* _Action item_
The listing is to be returned word for word, without its images.

* _Records provided_

────────

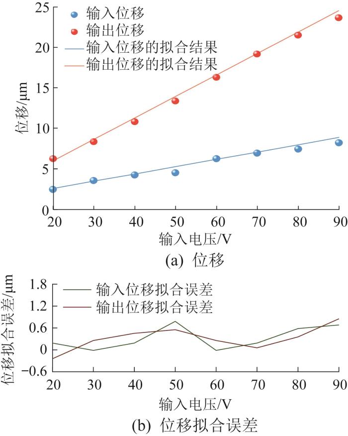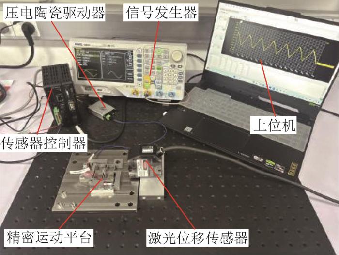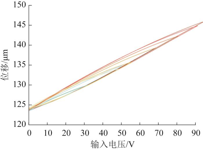 ... 基于图15 所示的压电驱动系统性能测试平台,利用上位机对精密运动平台的位移信号进行采集与处理.在驱动频率固定为10 Hz的条件下,通过实验测得精密运动平台在不同输入电压下的位移响应曲线(三角波信号),如图16 所示.从图16 中可以观测到,精密运动平台存在明显的迟滞现象,这主要是由压电陶瓷材料固有的迟滞特性导致的[21 ] .实验测得的精密运动平台的输入位移、输出位移及其线性拟合结果和对应的位移放大倍数分别如图17 和表3 所示. ...
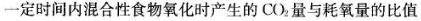 D、一次呼吸中,呼出气和吸入气毫升数的比值" />
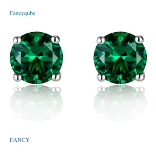 Đôi Khuyên Tai Hình Tròn Bằng Bạc 925 Đính Đá Zircon Xanh Lá Sang Trọng
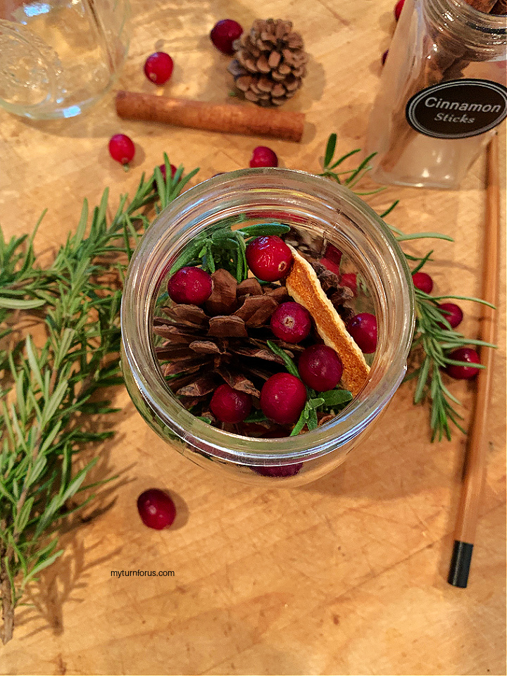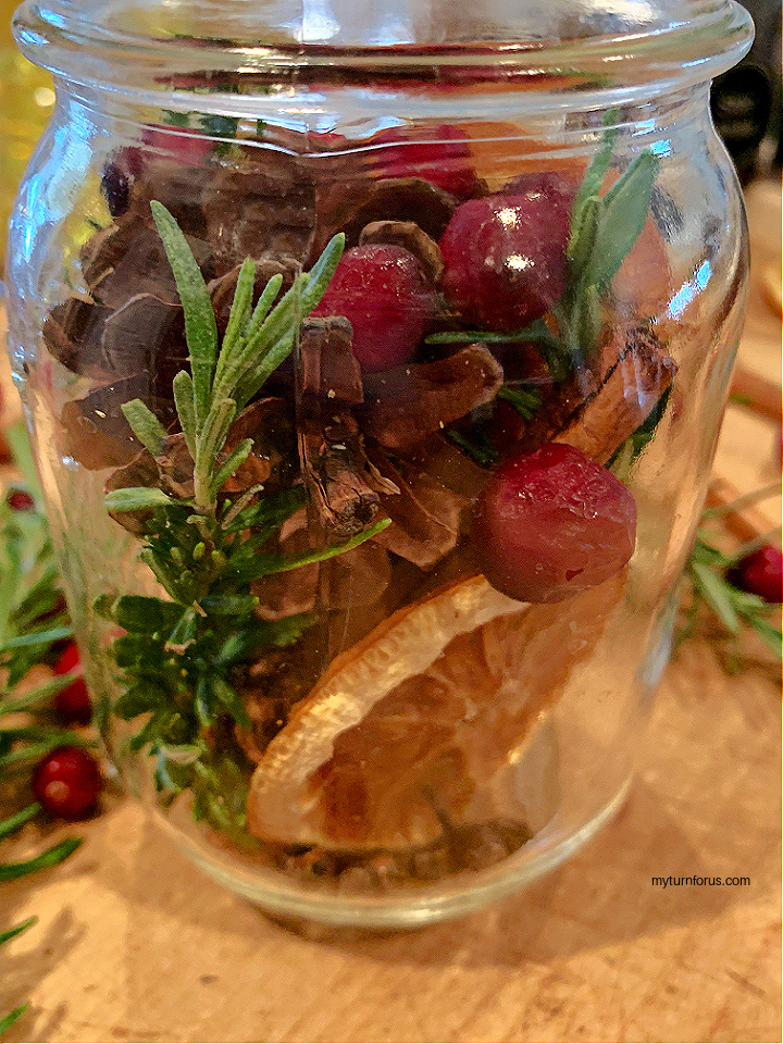 Adding Rosemary to the pinecones, orange slices and cinnamon sticks in a mason jar
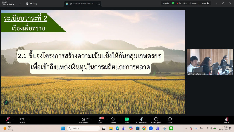 ร่วมประชุมติดตามผลการดำเนินงานโครงการสร้างความเข้มแข็งให้กับกลุ่มเกษตรกรเพื่อเข้าถึงแหล่งเงินทุนในการผลิตและการตลาด ผ่านระบบ Zoom Meeting
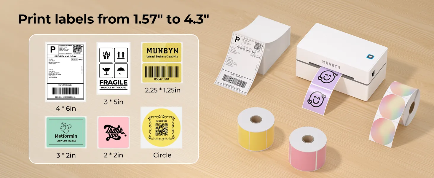 Works with leading e-commerce and logistics platforms including eBay, Etsy, Shopify, UPS, and more. Supports a wide range of direct thermal labels (1.57″–4.3″), suitable for shipping, inventory, barcode, and office labeling needs.

────────

* _Answer area_
 ... 基于图15 所示的压电驱动系统性能测试平台,利用上位机对精密运动平台的位移信号进行采集与处理.在驱动频率固定为10 Hz的条件下,通过实验测得精密运动平台在不同输入电压下的位移响应曲线(三角波信号),如图16 所示.从图16 中可以观测到,精密运动平台存在明显的迟滞现象,这主要是由压电陶瓷材料固有的迟滞特性导致的[21 ] .实验测得的精密运动平台的输入位移、输出位移及其线性拟合结果和对应的位移放大倍数分别如图17 和表3 所示. ...
 D、一次呼吸中,呼出气和吸入气毫升数的比值" />
 Đôi Khuyên Tai Hình Tròn Bằng Bạc 925 Đính Đá Zircon Xanh Lá Sang Trọng
 Adding Rosemary to the pinecones, orange slices and cinnamon sticks in a mason jar
 ร่วมประชุมติดตามผลการดำเนินงานโครงการสร้างความเข้มแข็งให้กับกลุ่มเกษตรกรเพื่อเข้าถึงแหล่งเงินทุนในการผลิตและการตลาด ผ่านระบบ Zoom Meeting
 Works with leading e-commerce and logistics platforms including eBay, Etsy, Shopify, UPS, and more. Supports a wide range of direct thermal labels (1.57″–4.3″), suitable for shipping, inventory, barcode, and office labeling needs.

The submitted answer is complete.